A (debatably) simple script to scrape IISMA universities list and upload it to a publicly available Google Sheet.

January 2024 — February 2024

Summary

This script consist of 3 parts to do its job of scraping the data and uploading it to the sheet:

  1. Scrape the data and put it into JSON

  2. Process the JSON to a human-readable XLSX

  3. Upload the XLSX to a previously created Google Sheet file

Developer Diaries

Origin

I wanted to choose the university I'm going to based on the courses that they provide so at first, I made this primarily to be able to lay out in one sheet all of those available courses. To do that, I'll have to compare and contrast all of the courses from each of the universities against each other but using the IISMA site to do so is a huge hassle because the courses are put in each of the university's individual page. Of course I could just make the sheet manually but here's why I didn't do that:

  1. I thought it's a cool project to scrape the site.

  2. I wanted to reuse the web scraping skill I acquired when doing the database laboratory assistant selection process (especially since I didn't get accepted).

  3. At the time of initializing this project, I knew that the universities list have not been updated. Thus, making a sheet at that point would obviously be futile. Nonetheless, I wanted to have the most up-to-date sheet as soon as the list is updated. With this script, I can just rerun it once the site is updated and get that up-to-date sheet almost instantly.

  4. Having Excel's powerful filtering tools available would provide me with a rigorous way to filter through the universities.

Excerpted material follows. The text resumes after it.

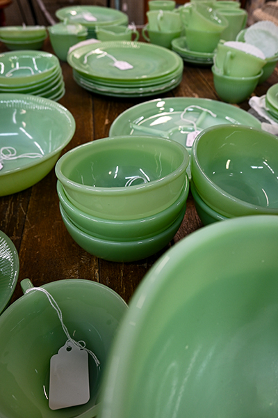 My eye always gravitates to depression glass. I adore the wonderful color and form of the glassware from the 1930’s-50’s.

Thus, the project begins. I would say that it took me approximately 3-4 working days to put this together (of course the work I did was spread out at a much broader time span, but if it were to be compacted to one continuous duration, that'd be it). At the end, I'm glad that I did this because this year IISMA ended up having more than 100 universities (114 to be precise) and it'd have been so tedious had I made this sheet manually.

Scope Creep

At first, I only wanted to have all of the courses that each of the university has without any of its other attribute (intake statistics, language requirement, etc.). And I didn't even think of uploading the result to a Google Sheet, I only thought of printing out the result in a local file. It's just that as I proceeded with the scraping, I was almost always thinking ("hey, wouldn't it be nice to have this info scraped as well?") and that's how the sheet ended up having more than 60 columns now for each of the university.

The thought of uploading the result to a Google Sheet primarily stems from a bug with LibreOffice Calc. As a Linux user, I cannot use Microsoft Office (or at least I haven't invested time to work around it) and so I use LibreOffice in my machine locally. But after the script was able to output XLSX, I found that LibreOffice Calc wasn't able to display the XLSX according to the formatting that I had set in the script. I then uploaded to XLSX to Google Drive to check if Google Sheet can show the XLSX in the proper format, and it did. Since it'd be a hassle (it's actually not, I'm just lazy) to having to manually upload the XLSX to Google Sheet just to see the script's output after it's been ran, I decided to add another component to this script that handles uploading the XLSX to Google Sheet.

Challenges

The most complex part of this script, by a long shot, is the first component. Its responsibility is not just to scrape and output the raw data but also preprocess it because I wanted the outputted JSON to simply be read and formatted to an XLSX without any further processing by the script's second component. And the two task it's been given are not trivial.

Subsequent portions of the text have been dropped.